As Maud walked into the dining-room, Declan came towards her looking really happy for the first time that week: ‘Darling, you must meet Rupert. He knows Johnny very well. He’s given me some great stuff about him. It’s added a totally new dimension to his character.’
Maud caught her breath. How could I ever have mistaken James Vereker for
that
, she wondered.
Rupert and Declan were both tall and broad in the shoulder, but there the resemblance ended. Declan, with his heavily lined, broken-nosed, shaggy-haired splendour, was like a battle-scarred charger returning from the wars.

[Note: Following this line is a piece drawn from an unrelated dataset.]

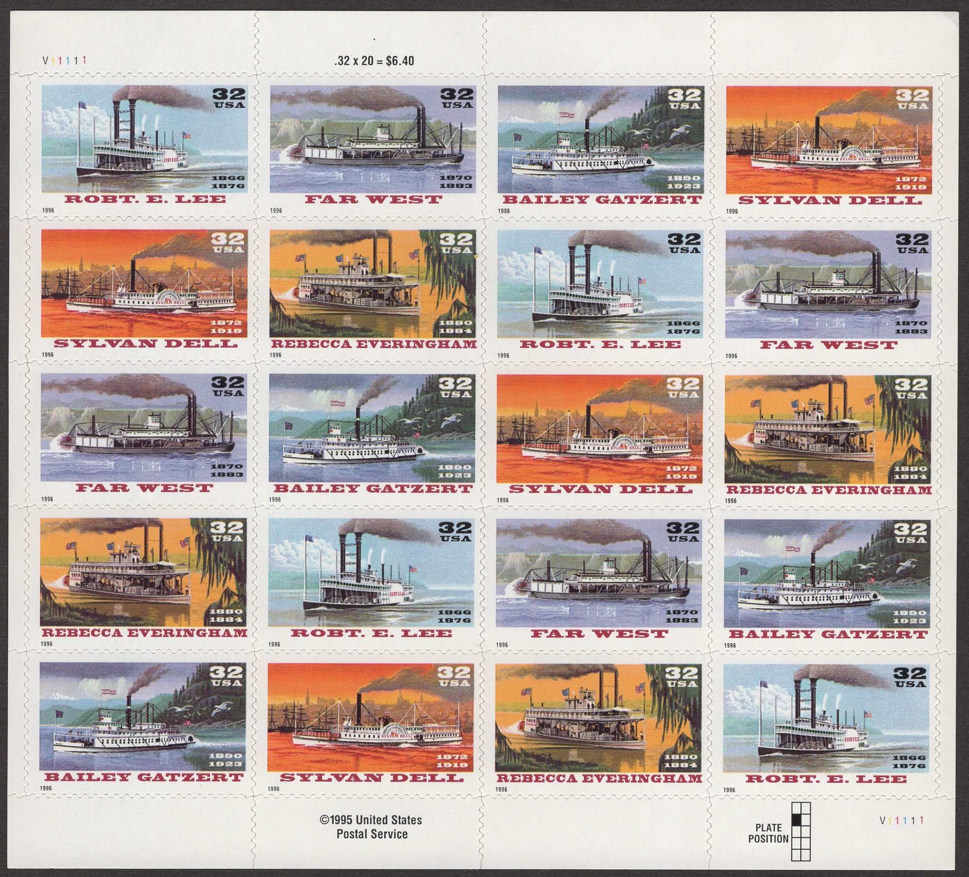 Scott 3091 - 95 MNH, Sheet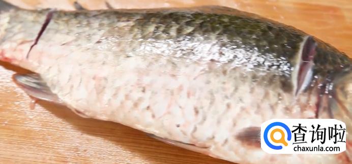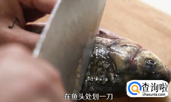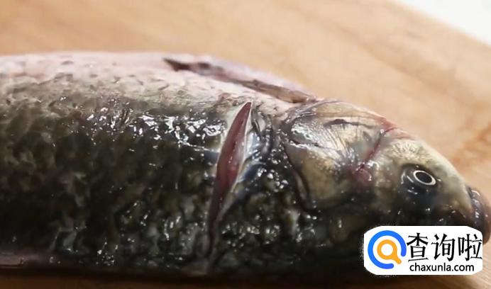 接下来就是去鱼腥线,在鱼头的位置开一道口子。

Rupert was like a sleek capricious thoroughbred, rippling with muscle and breeding, about to win the Derby at a canter. Yet in their great fame and their intrinsic belief (despite Declan’s current self-doubts) that they were still the greatest in the world at what they did, they were the same, and therefore separate from the rest of the party. At that moment both James and Maud felt a bitter stab of envy, that Declan had been admitted so effortlessly to the same club to which Johnny Friedlander and Rupert belonged.

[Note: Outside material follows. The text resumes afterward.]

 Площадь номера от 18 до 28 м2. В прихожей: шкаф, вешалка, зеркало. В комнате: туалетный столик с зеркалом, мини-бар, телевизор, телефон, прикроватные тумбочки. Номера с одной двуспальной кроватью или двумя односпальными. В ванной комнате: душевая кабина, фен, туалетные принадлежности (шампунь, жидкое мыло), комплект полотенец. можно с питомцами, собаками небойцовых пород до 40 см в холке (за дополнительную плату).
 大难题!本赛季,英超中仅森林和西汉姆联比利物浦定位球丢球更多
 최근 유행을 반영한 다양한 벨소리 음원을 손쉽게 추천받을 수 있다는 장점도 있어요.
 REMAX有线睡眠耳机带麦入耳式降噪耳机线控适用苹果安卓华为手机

‘Welcome to Penscombe.’ Rupert kissed Maud on the cheek. ‘I’m sorry I wasn’t at home when you moved in, but I’ve been frantically busy.’

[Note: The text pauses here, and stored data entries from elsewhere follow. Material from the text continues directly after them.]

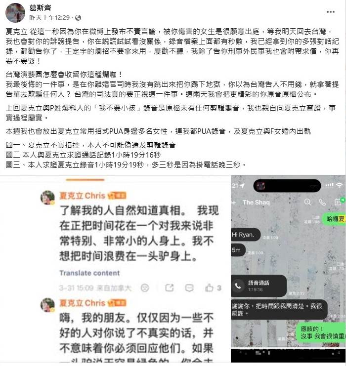 在我任期內確實有不同的女性找過我,釋出的錄音檔我也聽過,沒有經過任何剪輯,時間軸也很清晰。當時我也聯繫過夏先生求證,得到的訊息是矛盾不清楚的。P小姐除外,在2020年與夏先生超友誼的親密女士也曾與我聯繫,女方承認有[性.關.係]並有對話作證。記者葛斯齊的爆料內容全部屬實。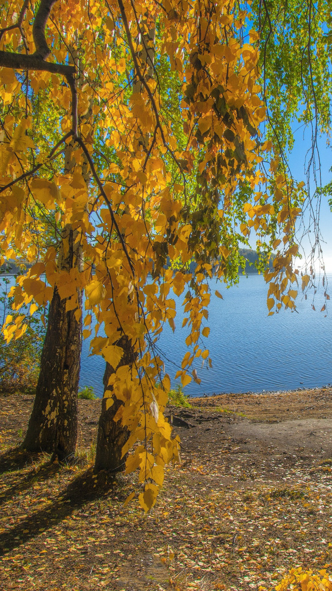 Edytor tapety: Rozświetlone brzozy nad jeziorem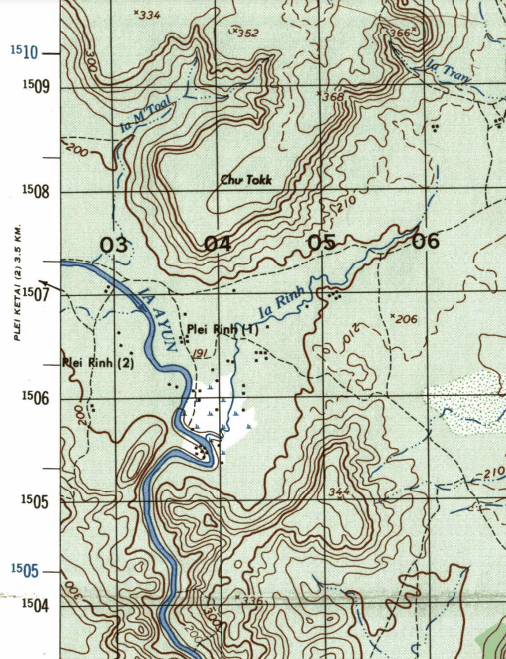 The Ayun Valley is a striking contrast to the otherwise flat terrain of the Pleiku Plateau. From the ground, the plateau appears unbroken until the valley suddenly reveals itself—a vast, hidden expanse carved into the land. I was unaware of its existence during my first years in Pleiku until studying detailed 1:50,000 maps revealed the contours of this dramatic feature. Its natural concealment, reminding me of a ha-ha, probably made it an ideal approach for Vietnamese troops to advance undetected, likely influencing the strategic placement of the Plei Ring outpost.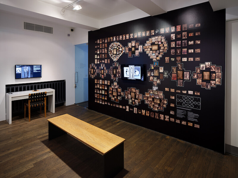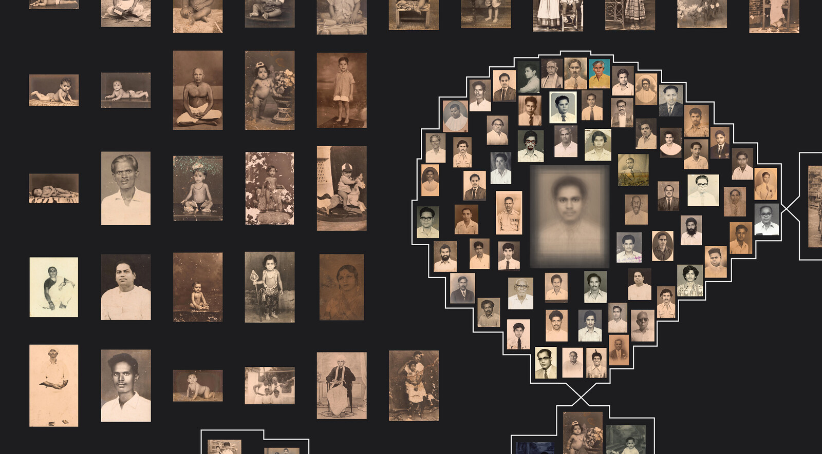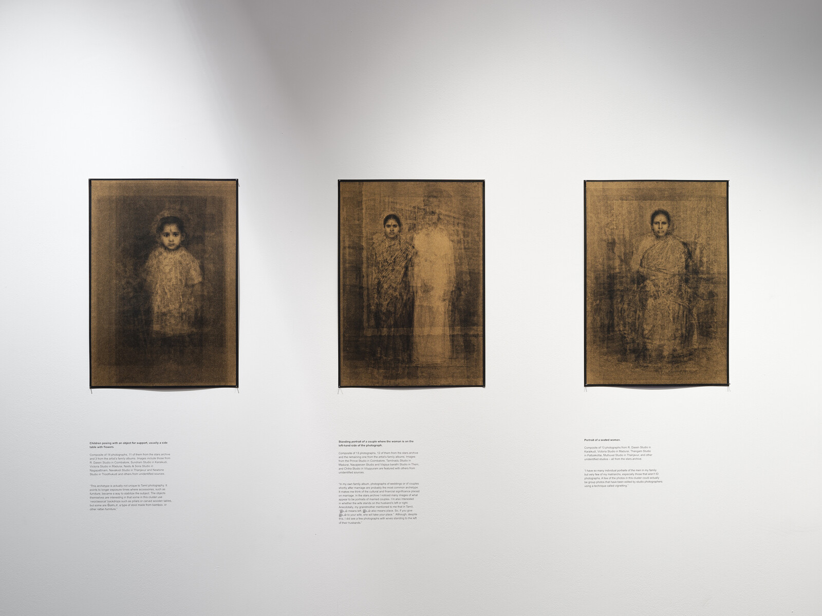 The installation combines Akkapeddi’s family photographs from the south Indian state of Tamil Nadu with those from an archive created by the STARS research collective of Tamil studio photography from the 1880s to the 1980s.1 Akkapeddi used an image classification model called VGG-16 to sort the photographs into a grid based on formal similarity, and then divided them into twelve generic groups: portraits of children propped up by an object, for instance, and close-ups of couples in which the man stands on the left. These “clusters” are arranged across a gallery wall within the interlocking forms of a kolam—a pattern drawn with rice flour at the entrance of Tamil homes to bring good fortune and exclude evil spirits. A larger composite image at the center of each group collates the surrounding photographs as if to identify what they share, while interviews with relatives and researchers feature in a video at the center of the kolam. The resulting display is part science poster, part family tree.

‘So we hear, Rupert,’ said Charles archly. ‘What’s this about fire engines and a burning bush?’
‘Fuck off, Fairburn,’ said Rupert, grinning.
‘Come on, don’t hold up the queue,’ said Monica, beckoning from behind a long white table. ‘You’re getting Coronation chicken again, I’m afraid.’
Maud stood in front of Declan and Rupert, gulping down her third glass of wine and feeling totally unnerved.
‘I know your house very well,’ Rupert told her. ‘I remember pursuing something that wasn’t a fox across your haha at one party. Ended up ripping the front of my trousers off on the barbed wire. How’s the garden?’
‘A groundsel estate, and the nettles are on the warpath,’ said Declan.
‘Better get those tackled professionally,’ said Rupert, ‘or you’ll never get rid of them. I’ve got a man who’ll do it for you.’
‘What about the wood?’ asked Declan.
‘Forestry commission’ll give you a grant for that. They’ll whip out all the dead stuff and plant you new young trees as a quid pro quo for the firewood.’
‘How wonderfully positive you are,’ murmured Maud. ‘Perhaps you can give me advice on re-decorating our bedroom?’
‘Re-decorating’s never been a priority of mine. Not in bedrooms,’ said Rupert.
‘Tuck in, Maud,’ said Monica impatiently. ‘And you haven’t met my brother-in-law, Bas. He’s dying to meet you.’
Bas was about five inches taller than Tony and decidedly attractive in a sleek, wicked, Latin way. He kissed Maud’s hand, then turned it over and buried his lips in her wrist.
‘Calêche,’ he murmured. ‘I adore it. Do you wear it all over?’
Maud laughed. ‘Are you local?’
‘Near enough as the helicopter flies. I can land on the palm of your hand. I’ve got a wine bar in Cotchester High Street,’ he went on. ‘Most of my evil brother’s staff gather there to plot against him. No doubt your famous husband will shortly join them. You must get him to bring you in one day.’
‘Don’t be silly, Bas,’ said Monica briskly. ‘You haven’t met Paul Stratton, Maud, our MP for Cotchester, nor his wife Sarah.’
She looks more like his daughter, thought Maud. With his anxious, lined, somewhat petulant face, and his brushed-forward blue-grey hair, Paul looked like one of those once-famous television personalities who eke out a middle-aged existence advising housewives to buy soap powder in television commercials.
Even Maud, who had a dismissive attitude to the charms of her own sex, had to admit that the wife was ravishing.
‘Ah, the newly-weds,’ said Bas, kissing Sarah on the mouth. ‘When are you going to start being unfaithful to Paul? We’re in Beaufort country here, you know, high fences and low morals.’

Basil
,’ snapped Monica. ‘Do stop holding up the queue. And you haven’t met Freddie Jones, our electronic whizz kid have you, Maud?’